To correct the bite scenario: eliminate the conflict in the out by extending it through to a tug or sleeve then to a decoy over time being less and less consistent until its faded out. Like Will says you have to go slow and make the second "fight" last and not be really consistent with the reward. If it is like a drill the dog will get hung up. (yes I made this mistake and am having to correct it :x). These damn herders don't forget shit LOL ...


----------



## Dave Colborn (Mar 25, 2009)

Give him a bite, work him. Slip the sleeve. Get decoy with a second sleeve. Let dog focus on him as you shorten up the line. Lift him off first sleeve and go back into the second sleeve. Good fight with the decoy. Repeat. Let the dog see that another bite is coming. Teaches beginnings for an out later and to not stick with dead equipment. 

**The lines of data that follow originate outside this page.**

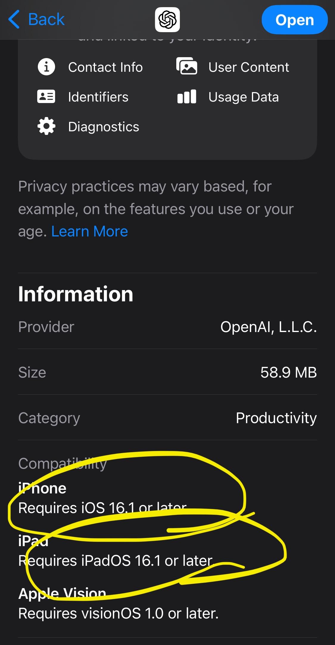 有試過家人的iPhone12 iOS 16.1是可以看得到很正常的ChatGPT的
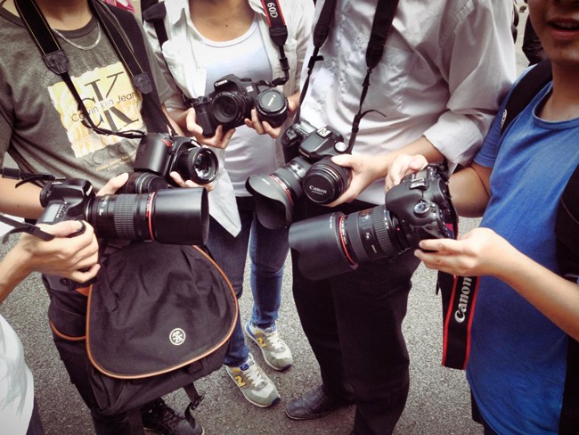 | Sở hữu những chiếc máy ảnh loại trung, nhiều “phó nháy” có thể hái ra tiền nhờ các dịch vụ chụp ảnh ăn theo. Ảnh: Phương Nhung. |
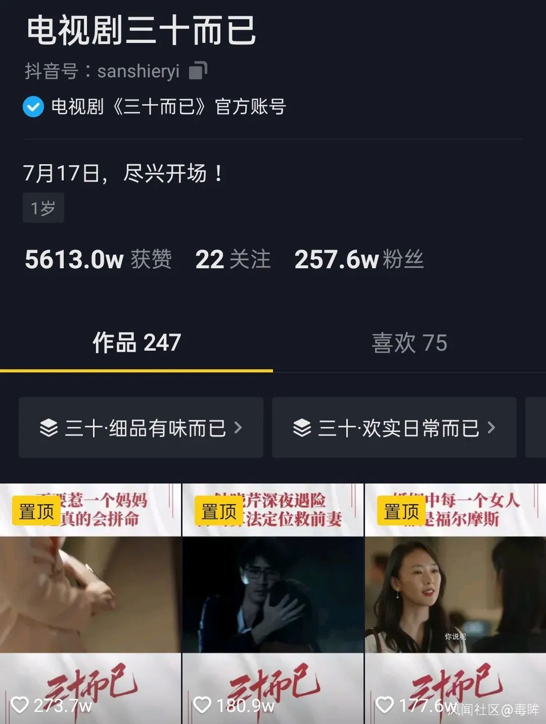 比如《三十而已》劇集官方賬號在抖音上就有257.6萬粉絲,發佈了247個視頻作品,獲得了5613萬點贊。
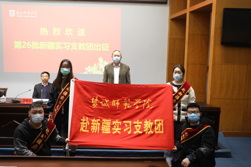 据悉,我校已派出25批、共计1426名同学和45名老师奔赴新疆开展实习支教活动。教育部工作简报先后4次推介我校新疆实习支教工作,《光明日报》《新华日报》等多家媒体持续关注我校新疆实习支教工作。本次第26批赴新疆实习支教团由美术与设计学院葛永锋老师、外国语学院焦春艳老师和来自文学院、马克思主义学院、历史与公共管理学院、外国语学院、音乐学院、美术与设计学院、教育科学学院、数学与统计学院、物理与电子工程学院、化学与环境工程学院等十个学院的50名同学组成,他们将赴新疆伊犁州、哈密市的中小学、幼儿园开展为期一学期的实习支教工作。
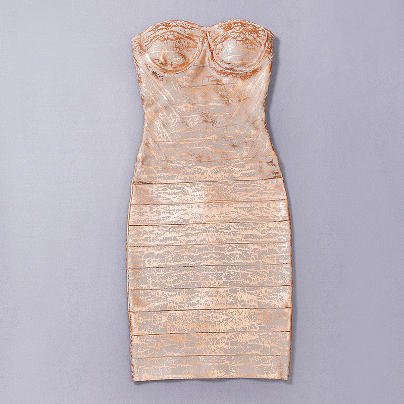 Summer Clearance High Quality!!!Ocstrade New Arrival Woman Fashion 2017 Crackled Metallic Pink Strapless Bandage Dress
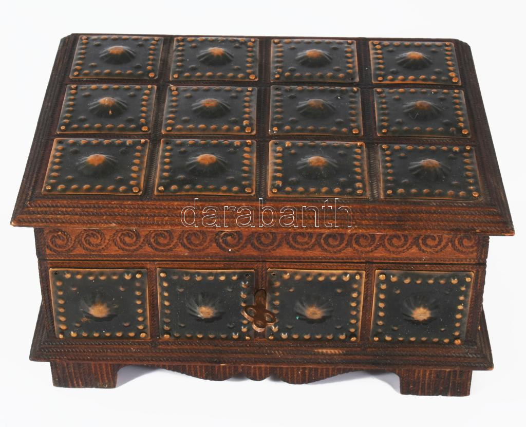 Kincses doboz. Rézlapokkal dekorált, faragott fa, kulcsos zárral. 20x15 cm
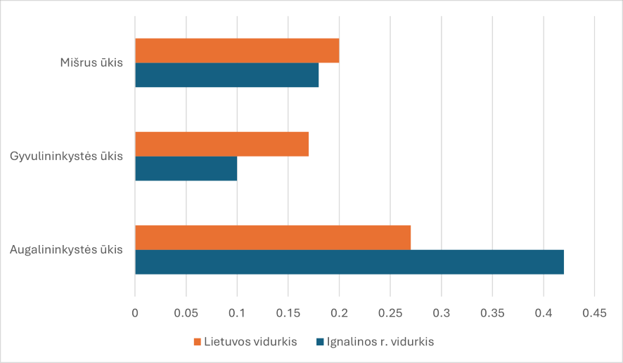 Ignalinos rajono augalininkystės ūkių skolos rodiklis 2024 m. buvo didesnis nei šalies vidurkis, o gyvulininkystės ir mišrių ūkių – mažesni už Lietuvos vidurkius. Tai rodo, kad augalininkystės ūkiai labiau rėmėsi skolintomis lėšomis, o kiti ūkiai išlaikė stabilesnę finansinę struktūrą (6 pav.).
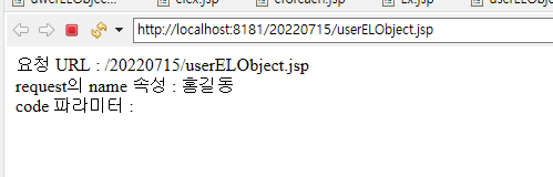 출력 값 code의 파라미터 값이 없어 null인데 EL에서는 null값을 공백으로 보여주어서 공백으로 표시된겁니다.
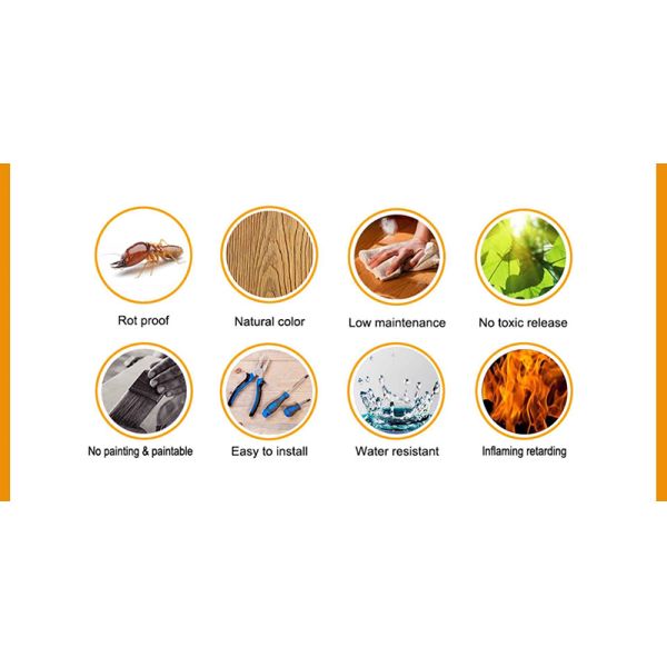 I Durability and insect free: 100% virgin PVC new raw material and environment conservationuse the technology of co-extrusion, keep the nature wood texture for more than 20 years of usage.
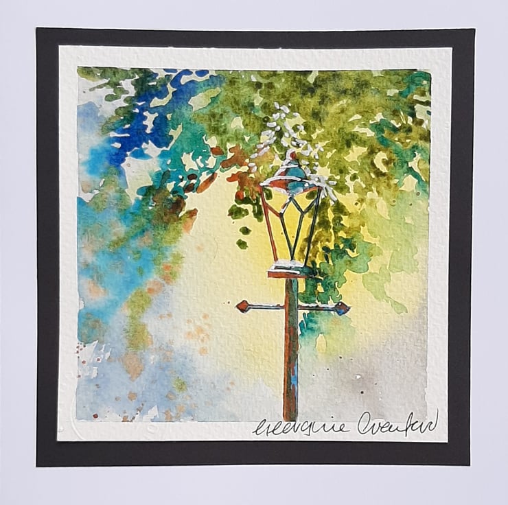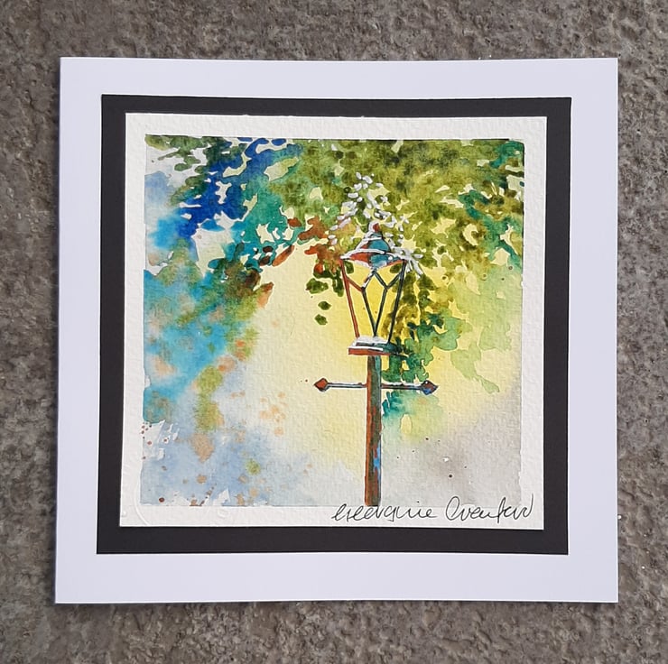 Painted on quality watercolour paper, mounted onto black paper then soft-white, hand cut card. Signed by the artist.
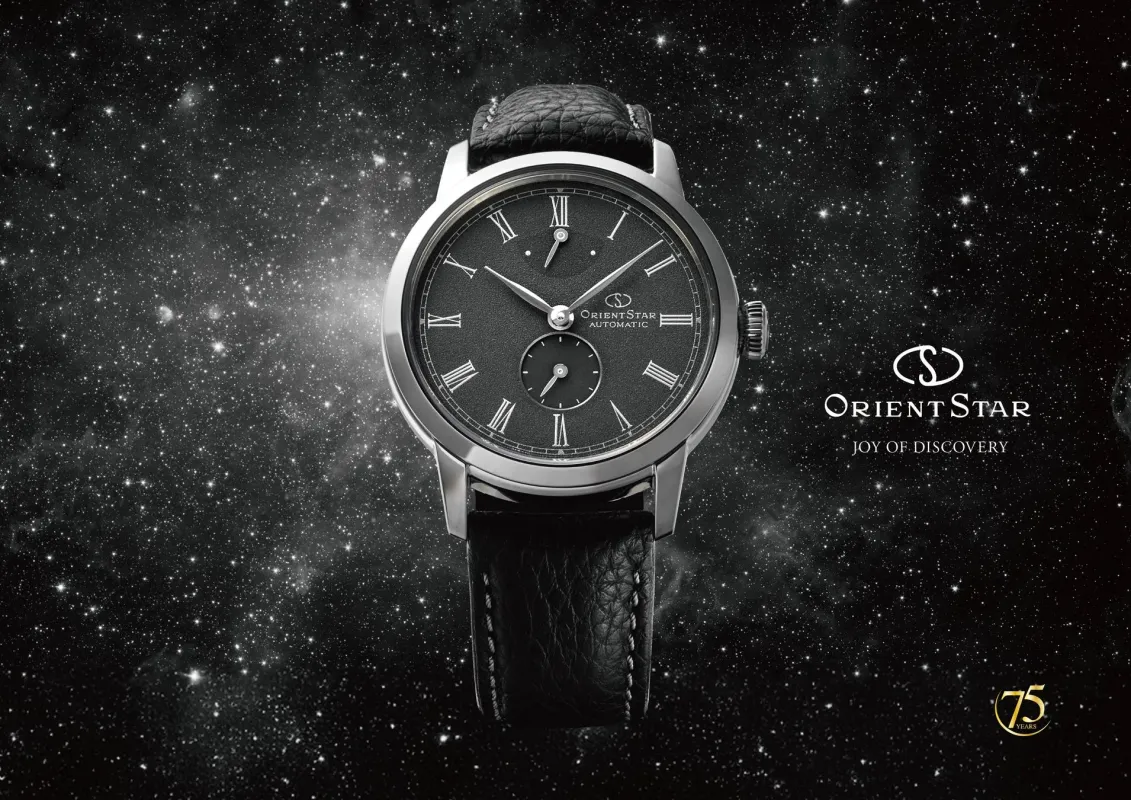 内部には、スモールセコンドを装備した自社製の自動巻きムーブメントF7H44を搭載。日差プラス15秒からマイナス5秒という安定した高精度と、50時間以上のパワーリザーブを備えており、週末に時計を外しても月曜日の朝まで止まることなく動作する利便性を提供します。高品質ムーブメントの精緻な動きは、サファイアクリスタルのシースルーバックから鑑賞することが可能です。75周年記念限定モデルには、裏ぶたに「Orient Star 75th Anniversary」とシリアルナンバーが刻印されており、特別感を演出します。

Second part to this, step in and pet the dog while he is on the bite. In and out. Blink of an eye. Repeat this until you can get an arm under the dog and lift up his back end with no conflict. Then you've made headway.


----------



## Brian Anderson (Dec 2, 2010)

Dave Colborn said:


> Give him a bite, work him. Slip the sleeve. Get decoy with a second sleeve. Let dog focus on him as you shorten up the line. Lift him off first sleeve and go back into the second sleeve. Good fight with the decoy. Repeat. Let the dog see that another bite is coming. Teaches beginnings for an out later and to not stick with dead equipment.
> 
> Second part to this, step in and pet the dog while he is on the bite. In and out. Blink of an eye. Repeat this until you can get an arm under the dog and lift up his back end with no conflict. Then you've made headway.


preciate that Dave!!


----------



## Guest (Dec 1, 2008)

dave colborn said:


> give him a bite, work him. Slip the sleeve. Get decoy with a second sleeve. Let dog focus on him as you shorten up the line. Lift him off first sleeve and go back into the second sleeve. Good fight with the decoy. Repeat. Let the dog see that another bite is coming. Teaches beginnings for an out later and to not stick with dead equipment.
> 
> Second part to this, step in and pet the dog while he is on the bite. In and out. Blink of an eye. Repeat this until you can get an arm under the dog and lift up his back end with no conflict. Then you've made headway.


 
go buckeyes!!


----------



## Dave Colborn (Mar 25, 2009)

Jody Butler said:


> go buckeyes!!



Did you get it ironed out yet, Jody??


----------



## Guest (Dec 1, 2008)

Dave Colborn said:


> Did you get it ironed out yet, Jody??


 
yes sir


----------



## Dave Colborn (Mar 25, 2009)

Jody Butler said:


> yes sir



Found a boxer bitch today. Should have a program going in no time to get rid of all this herder nonsense...lol. If I don't take her back to her home in a week


----------



## Guest (Dec 1, 2008)

Dave Colborn said:


> Found a boxer bitch today. Should have a program going in no time to get rid of all this herder nonsense...lol. If I don't take her back to her home in a week


yeah me too, this puggy eyed bitch is alot fun compared to them nasty herders


----------



## Dave Colborn (Mar 25, 2009)

Jody Butler said:


> yeah me too, this puggy eyed bitch is alot fun compared to them nasty herders



Seeee!!!! I heard all special ops were going to bull breeds anyway. Makes sense. lol


----------



## Guest (Dec 1, 2008)

Dave Colborn said:


> Seeee!!!! I heard all special ops were going to bull breeds anyway. Makes sense. lol


 
sshhhh keep that quiet till we got enough litters on the ground


----------



## Nicole Stark (Jul 22, 2009)

Jody Butler said:


> yeah me too, this puggy eyed bitch is alot fun compared to them nasty herders


Yeah for sure and it's a totally different kind of fun. O


----------



## Brian Anderson (Dec 2, 2010)

I hear ya LOL ... I have my boerboels and bandogs for those times I don't feel like a tweaker :razz:


----------